Implementing License Plate Recognition with STM32 Microcontrollers
STM32 microcontrollers are widely used in embedded system development due to their robust performance and extensive peripheral support. This article explores the implementation of a license plate recognition system using an STM32 platform, focusing on the core image processing stages.
License plate recognition involves extracting alphanumeric characters from vehicle plates through digital image analysis. The typical workflow consists of four primary phases:
- Image Acquisition: Capturing the license plate image using a camera module.
- Image Preprocessing: Enhancing the raw image through grayscale conversion, binarization, and noise reduction.
- Character Segmentation: Isolating individual characters from the processed plate region.
- Character Recognition: Identifying each segmented character using feature extraction and classification algorithms.
This guide details the implementation of the preprocessing and recognition stages with practical code examples.
Image Preprocessing Example
Preprocessing prepares the image for segmentation by increasing contrast and removing irrelevant details.
#include "opencv2/opencv.hpp"
int main() {
// Load the license plate image in grayscale
cv::Mat inputImage = cv::imread("license_plate.jpg", cv::IMREAD_GRAYSCALE);
if (inputImage.empty()) {
std::cerr << "Error: Could not load image.\n";
return -1;
}
// Apply binary thresholding
cv::Mat binaryOutput;
cv::threshold(inputImage, binaryOutput, 128, 255, cv::THRESH_BINARY_INV);
// Display the result
cv::imshow("Processed Plate Image", binaryOutput);
cv::waitKey(0);
return 0;
}
This code loads a grayscale image and applies inverse binary thresholding.
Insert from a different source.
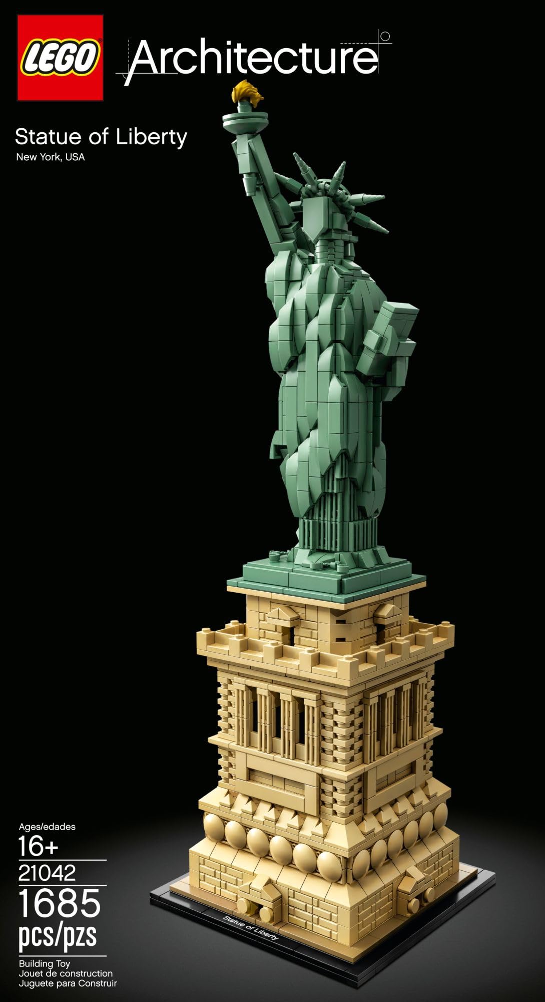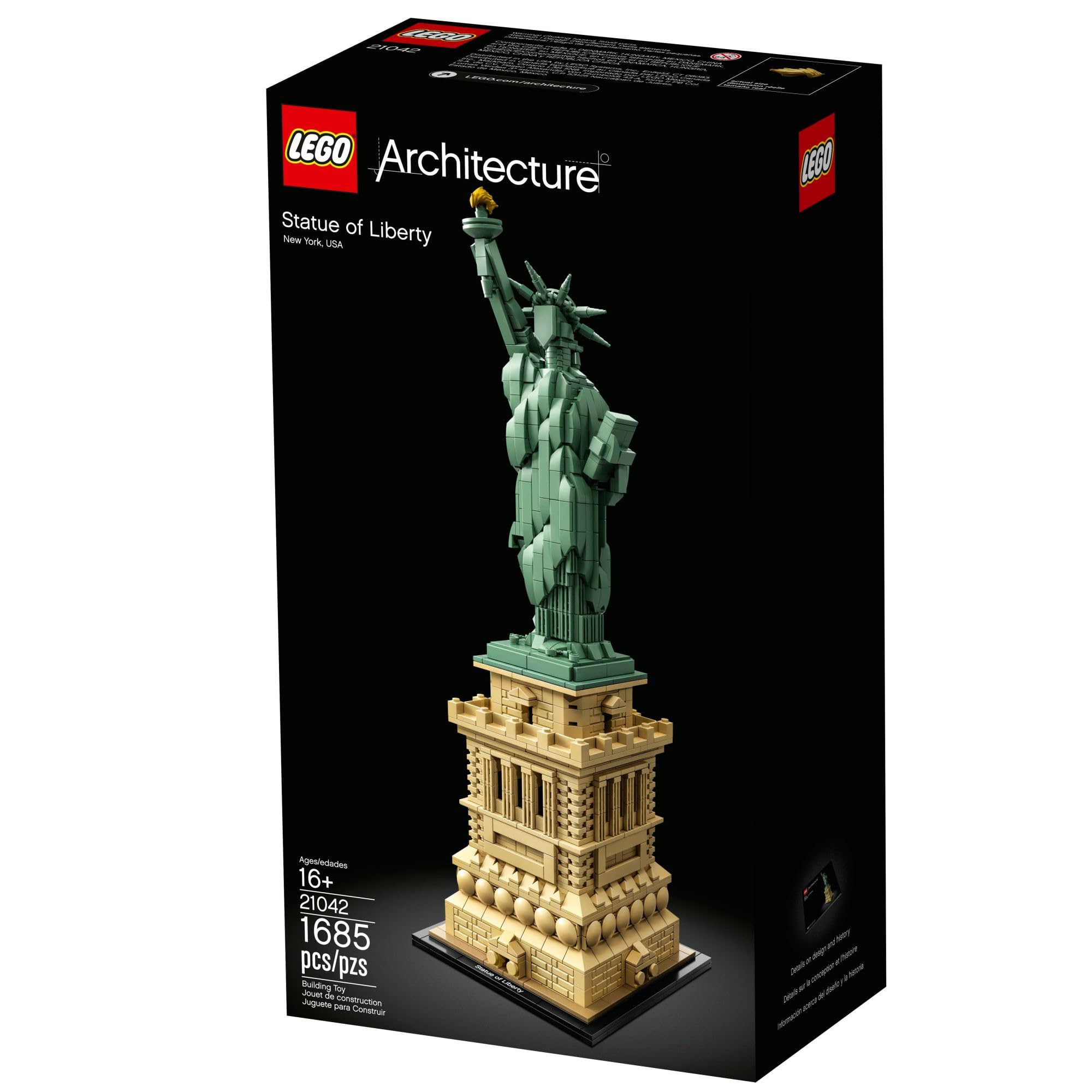Celebrate a monumental blend of architecture and sculpture with this LEGO Architecture The Statue of Liberty collectable architecture model building kit (21042). America’s iconic symbol of freedom shines her golden torch more than 305 feet above Liberty Island in New York harbor, welcoming seafarers from around the globe. This impressive LEGO Architecture model faithfully interprets the monument’s harmonious blend of sculpture and architecture with its intricately detailed shield-lined pedestal, brick detailing, and columned balconies. The beautifully crafted Lady Liberty statue features the iconic flowing robes, broken shackles, tablet, 7-ray Statue of Liberty crown, and an upraised arm bearing a golden torch. Finished with an authentic sand-green and beige color scheme and a decorative nameplate, this collectable architecture model delivers a highly satisfying building experience. LEGO architecture model building kits make a truly symbolic centerpiece for the home or office, as well as a magnificent birthday or Christmas New York City gift for teens and adults. The Statue of Liberty sculpture measures over 17” (44cm) high, 5” (14cm) wide, and 5” (14cm) deep. Contains 1,685 Pieces.

Pixels above a value of 128 are set too white (255), and those below are set to black (0), creating a high-contrast image ideal for character segmentation.
Character Recognition Example
After segmentation, individual character images are classified. This example outlines the structure for feature extraction and classification.
#include <iostream>
#include "opencv2/opencv.hpp"
// Function prototypes
cv::Mat computeCharacterFeatures(const cv::Mat& charImage);
char predictCharacterClass(const cv::Mat& featureVector);
int main() {
// Load a segmented character image
cv::Mat charImg = cv::imread("char_A.png", cv::IMREAD_GRAYSCALE);
if (charImg.empty()) {
std::cerr << "Error: Character image not found.\n";
return -1;
}
// Extract numerical features
cv::Mat featureSet = computeCharacterFeatures(charImg);
// Classify the character
char result = predictCharacterClass(featureSet);
std::cout << "Predicted Character: " << result << std::endl;
return 0;
}
cv::Mat computeCharacterFeatures(const cv::Mat& charImage) {
cv::Mat features;
// Example: Calculate Histogram of Oriented Gradients (HOG) features
// Implementation specific to chosen algorithm
return features;
}
char predictCharacterClass(const cv::Mat& featureVector) {
char predictedChar;
// Example: Use a trained model (e.g., SVM, Neural Network) for prediction
// Implementation depends on the selected classifier
return predictedChar;
}
This framework demonstrates the recognition pipeline. The computeCharacterFeatures function generates a numerical descriptor (like HOG or zoning features) from the character image. The predictCharacterClass function then uses this descriptor with a pre-trained model to output the final character.
Implementing a full license plate recognition system on STM32 involves integrating these algorithms with hardware constraints, potentially using optimized libraries or lighter-weight alternatives to OpenCV for resource-limited environments.